0114 * ``BPF_FLOW_DISSECTOR_F_STOP_AT_FLOW_LABEL`` - tells BPF flow dissector to
0115   stop parsing as soon as it reaches IPv6 flow label; used by
0116   ``___skb_get_hash`` and ``__skb_get_hash_symmetric`` to get flow hash.
0117 * ``BPF_FLOW_DISSECTOR_F_STOP_AT_ENCAP`` - tells BPF flow dissector to stop
0118   parsing as soon as it reaches encapsulated headers; used by routing
0119   infrastructure.
0120 
0121 
0122 Reference Implementation
0123 ========================
0124 
0125 See ``tools/testing/selftests/bpf/progs/bpf_flow.c`` for the reference
0126 implementation and ``tools/testing/selftests/bpf/flow_dissector_load.[hc]``
0127 for the loader. bpftool can be used to load BPF flow dissector program as well.
0128 
0129 The reference implementation is organized as follows:
0130   * ``jmp_table`` map that contains sub-programs for each supported L3 protocol
0131   * ``_dissect`` routine - entry point; it does input ``n_proto`` parsing and
0132     does ``bpf_tail_call`` to the appropriate L3 handler
0133 
0134 Since BPF at this point doesn't support looping (or any jumping back),
0135 jmp_table is used instead to handle multiple levels of encapsulation (and
0136 IPv6 options).
0137 
0138 
0139 Current Limitations
0140 ===================
0141 BPF flow dissector doesn't support exporting all the metadata that in-kernel
0142 C-based implementation can export. Notable example is single VLAN (802.1Q)

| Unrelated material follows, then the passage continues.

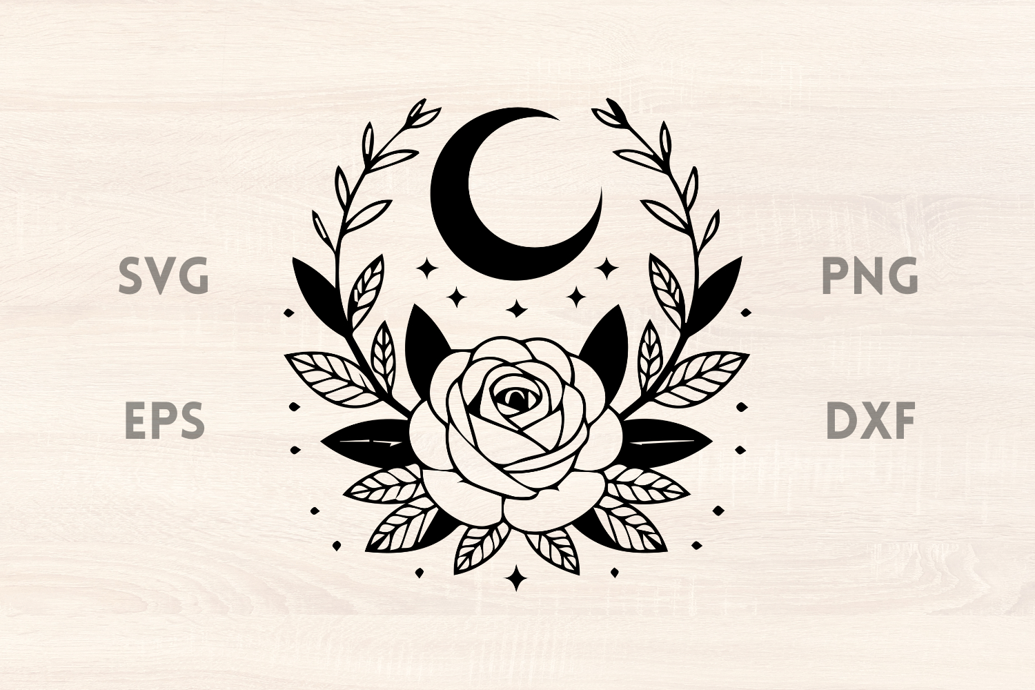 Rose with moon Halloween SVG is an whimsical Halloween SVG, perfect for laser cut designs, shirts, hoodies, tote bags, cards or any Halloween decoration

0143 and double VLAN (802.1AD) tags. Please refer to the ``struct bpf_flow_keys``
0144 for a set of information that's currently can be exported from the BPF context.
0145 
0146 When BPF flow dissector is attached to the root network namespace (machine-wide
0147 policy), users can't override it in their child network namespaces.